İslam kültürünü, yeryüzünde yüz yıllar boyunca yaşatmış olan Osmanlı geleneğinde, mezarlıkların şehir merkezinde yapılmış olmasının sebebi de tam olarak budur işte. “Mezarlıkları görün! Ölümü unutmayın! Ahrette vereceğiniz hesabı aklınızdan çıkartmayın! Her canlı ölümü tadacaktır!” levhaları gibidir, şehir merkezlerinde kurulan mezarlıklar.
* * * * * *
“Kur’an okumayı öğrenip, namaz surelerini ezberledikten sonra en çok ezberlenen, en çok okunan sure hangisidir?” diye sorulsa hepimiz “Yasin suresi!” diye cevaplandırırız. Perşembe akşamları okunduğu kadar, ölmek üzere olanlara, mezarlıklarda ölülere okunan bir suredir Yasin. Hepimiz öyle alışmışız ki, “Yasin suresini ölüler için indirilmiş bir sure gibi algılıyoruz.
Yasin suresinin konusu yeniden diriliştir.
Surenin neredeyse tamamı ahreti konu edinmiş olmasından sure, “Kur’an’ın kalbi” olarak nitelenmiştir. Ahrete iman, imanın şartlarındandır.

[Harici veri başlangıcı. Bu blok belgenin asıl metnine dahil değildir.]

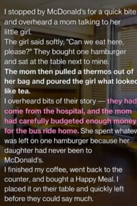 The mother’s thin coat looked inadequate for the weather, but she still bent down to whisper to her daughter with warmth in her eyes. When they reached the counter, I heard the mother order a simple meal: “Just the cheeseburger and small fries.” The girl tugged her mother’s sleeve. “Mommy, can I get the toy?” she asked softly. Her mother hesitated before answering, “Maybe next time, sweetie. Just food today.”

Ahrette verilecek olan hesabı niçin inkar ederler? Dünya hayatını istedikleri gibi keyiflerine göre yaşamak isteyenler, hesap verilecek bir dünyanın varlığını inkar ederek kendilerini haklı göstermeye çalışıyorlar.
Öldükten sonraki hayat, yolun sonu demektir. Fakir de olsan, zengin de olsan, uzun da yaşasan kısa da yaşasan, padişah ta olsan köle de olsan eninde sonunda gideceğin yer mezardır, ahrettir.
“Bir kez geldin dünyaya! Hayatını yaşa!” düşüncesine karşı, “Dünya fani, ahret hayatı baki!” gerçeğini hatırlatır Yasin.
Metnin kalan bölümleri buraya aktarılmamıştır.